The Nasdaq 100 hit a new all-time high on Thursday before pulling back a bit, but still closing higher for the week. That makes eleven consecutive weeks where the market has closed the week higher than the open.
The S&P 500 once again failed to confirm the Nasdaq’s new high and continues to lag, remaining below its all-time high of 2391.25 printed on the 2nd March. Price has fallen back to approximately the middle of its recent range, from resistance at 2391.25 to support at 2351. The long-term trend for US stock indexes is unquestionably up, even if the internals are weak.
The Dax also posted a new high this week, but this was not an all-time high, just a high for the current move. Thursday’s high was the highest print for the Dax in almost two years, but still a few hundred points shy of its all-time high of 12429.5, which may yet be reached.
The metals markets have recovered some of their recent declines this week, led by Copper, which has put in a six-day rally. Palladium has also seen bullish price action. These two metals remain in long-term uptrends, while Gold and Silver remain in downtrends.
The energy markets have also retraced some of their recent declines, and both Crude Oil markets remain in uptrends, for now, but both are working their way down towards trend-defining support levels.
Sugar fell to its lowest level since June last year but printed a large hammer pattern on the daily charts, which may put the downtrend under some pressure next week if we see additional strength.
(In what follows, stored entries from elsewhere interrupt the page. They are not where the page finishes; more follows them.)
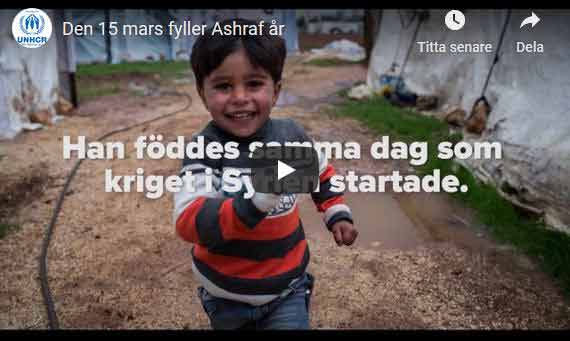Den 15 mars fyllde Ashraf 5 år, samma dag som kriget i Syrien. Hans familj flydde från bomber i Homs. Efter tre år i tält i Libanon, är de nu i säkerhet.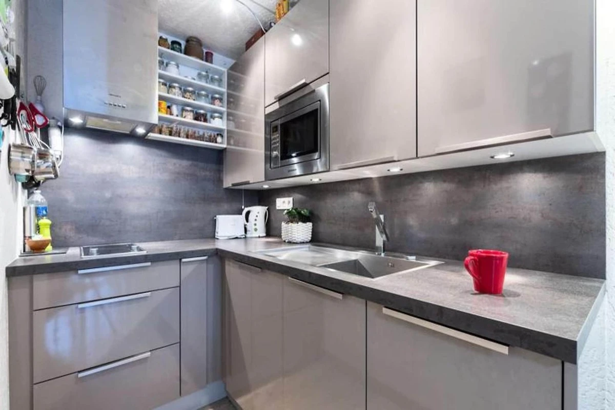 Das Studio verfügt über eine voll ausgestattete Küchenzeile für Ihre Essbedürfnisse und ein gemütliches Wohnzimmer mit einem Fernseher zur Unterhaltung. Ein privater Balkon ist der perfekte Ort zum Entspannen nach einem erlebnisreichen Tag. Das Badezimmer ist funktional und sorgt für einen angenehmen Aufenthalt.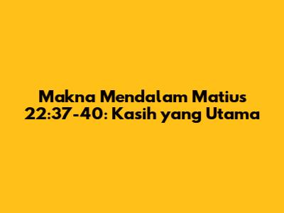So guys, mari kita berkomitmen untuk menerapkan Matius 22:37-40 dalam kehidupan kita sehari-hari. Mari kita jadikan kasih sebagai fondasi dari setiap hubungan kita, setiap keputusan kita, dan setiap tindakan kita. Dengan kasih, kita bisa mengubah dunia, satu orang pada satu waktu. Semangat!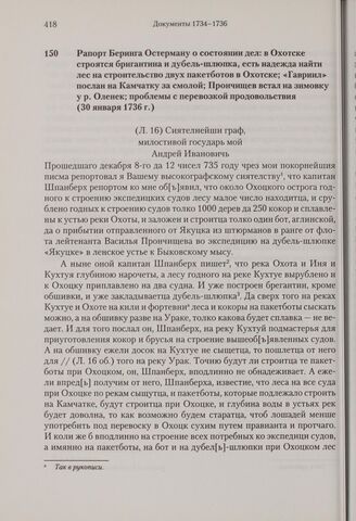Рапорт Беринга Остерману о состоянии дел: в Охотске строятся бригантина и дубель-шлюпка, есть надежда найти лес на строительство двух пакетботов в Охотске; «Гавриил» послан на Камчатку за смолой; Прончищев встал на зимовку у р. Оленек; проблемы с перевозкой продовольствия. 30 января 1736 г. // АВПРИ, ф. 130, оп. 130/1, д. 4, л. 16-19.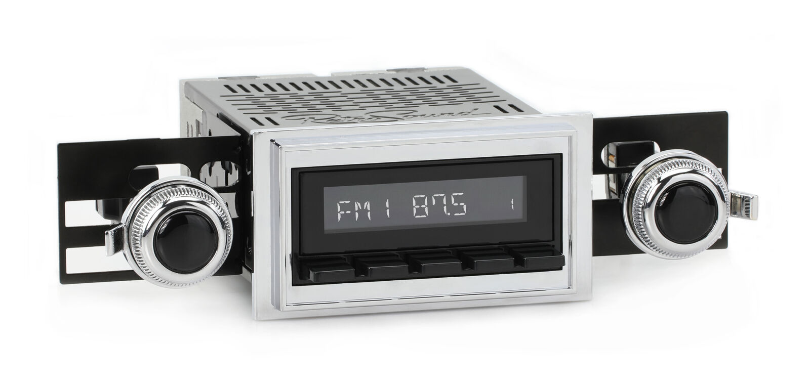 The RetroSound® RetroRadio® is our most versatile Radio Face, designed after traditional 2-shaft radios with classic push-buttons found in thousands of makes & models from the 40s-80s. Combined with hundreds of faceplates, bezels, and replica knobs, the RetroRadio is the most authentic solution for adding modern audio to classic cars and trucks. The RetroRadio is available in black or chrome, with the choice of black, chrome, or ivory push-buttons.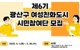 전국 박철홍 기자2025. 03.28[제일경제신문]광주 광산구가 제6기 광산구 여성친화도시 시민참여단을 모집한다. 여성친화도시 시민참여단은 성평등 정책 및 생활환경 개선 사업 등 여성친화도시 사업을 추진하고 정책을 제안하는 역할을 한다. 이번 6기는 △교육·워크숍 통한 역량 강화 △일·가정 균형 문화 조성 캠페인 △안전취약지역 발굴 △마을돌봄공동체 및 가족친화환경 조성 사업 홍보 △광산구 여성친화사업 및 정책 홍보 등 다양한 활동을 펼친다. 또한 광산경찰서와 협력해 공중화장실 불법카메라 탐지 및 여성안심귀갓길 점검 등 안전 모니터링과 성범죄 취약 지역을 집중 점...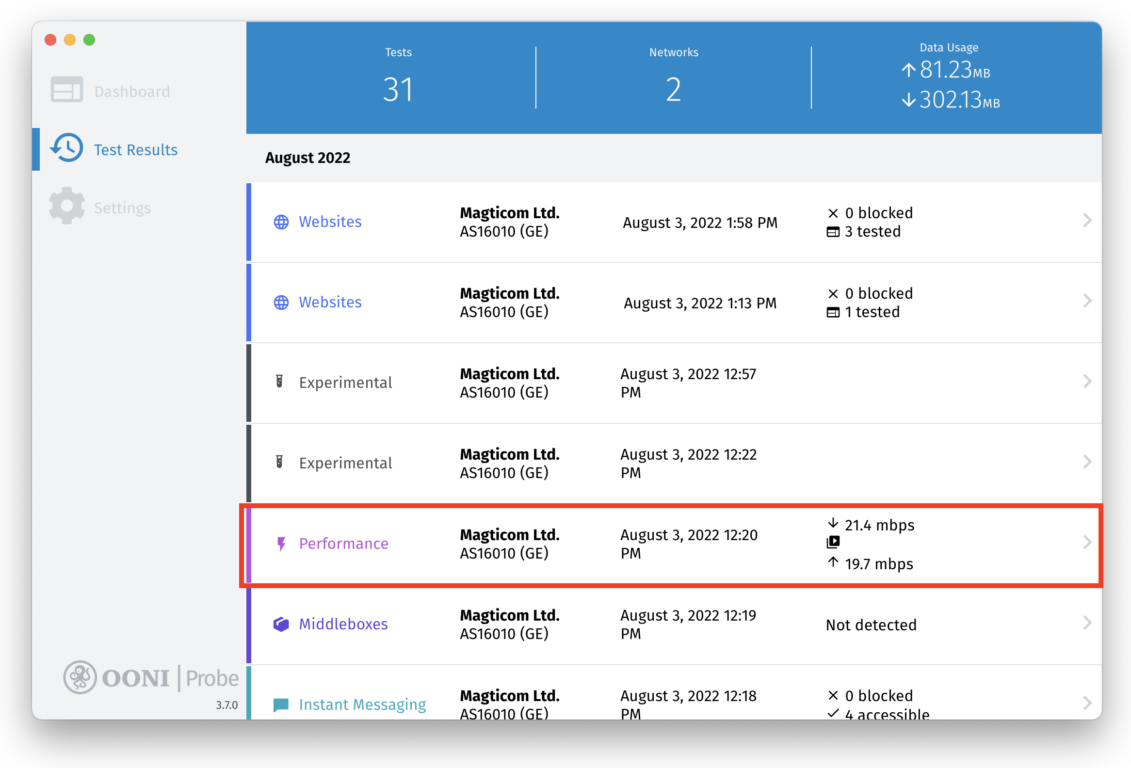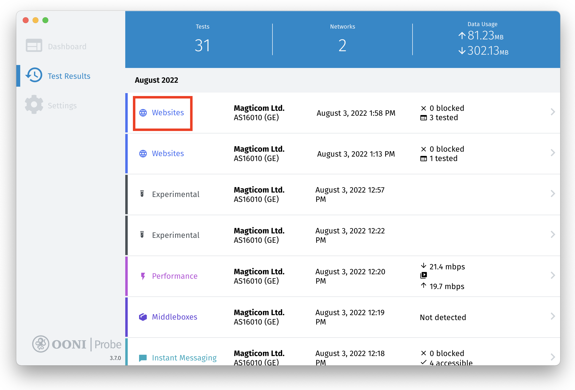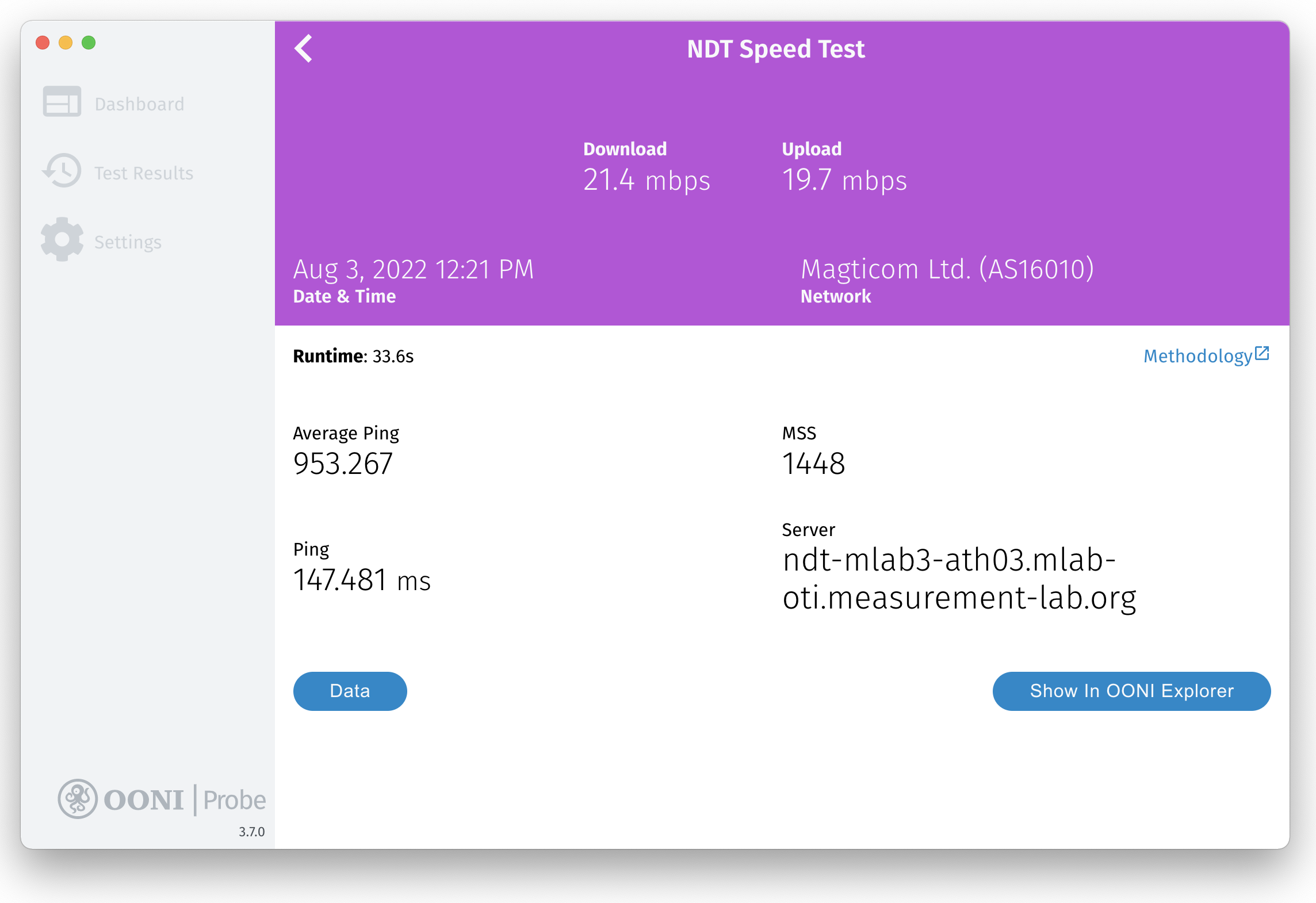 for Magticom Ltd.); - Network measurement data (which depends on the OONI Probe test).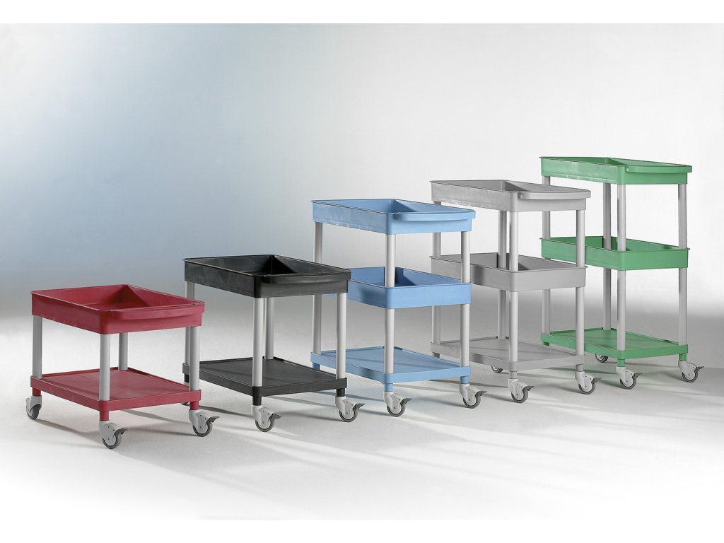Velká nosnost, mělké, v horní části hluboké plastové tácky, konstrukce tvořená z plastových trubek, opatřeno kolečky s aretací.

The dollar has seen some weakness this week, with the dollar index falling to its lowest level since the 9th February. The Index remains within a range between the January high and the December low. For now, the long-term trend continues to favour the dollar, but we are seeing weakness in the short-term. The dollar also fell against the Euro, which may be set to move higher to test strong resistance at 1.09.
The British Pound rallied this week and now sits almost exactly in the middle of the trading range that has been in place since October.
The Australian dollar is approaching the upper boundary of a rectangle pattern that has been in place for 11 months. A decisive breakout above the November 2016 high could see a continued rally higher, with projected targets around 700 pips above the November high, which would be circa 8450.
Interest rate futures
Interest rate futures made a counter-trend rally this week. This rally has retraced between the 38.2% and 50% of the prior swing down. If the market is going to fall lower again to test the recent lows, it should do so from at or near to last week’s high. If these markets rally much beyond that point, which is 148.97 on the long bond and 117.32 on the 5-Year T-Note, then the low may be in for a longer period, and we could be going to see a larger retracement of the larger swing down from the November 2016 high.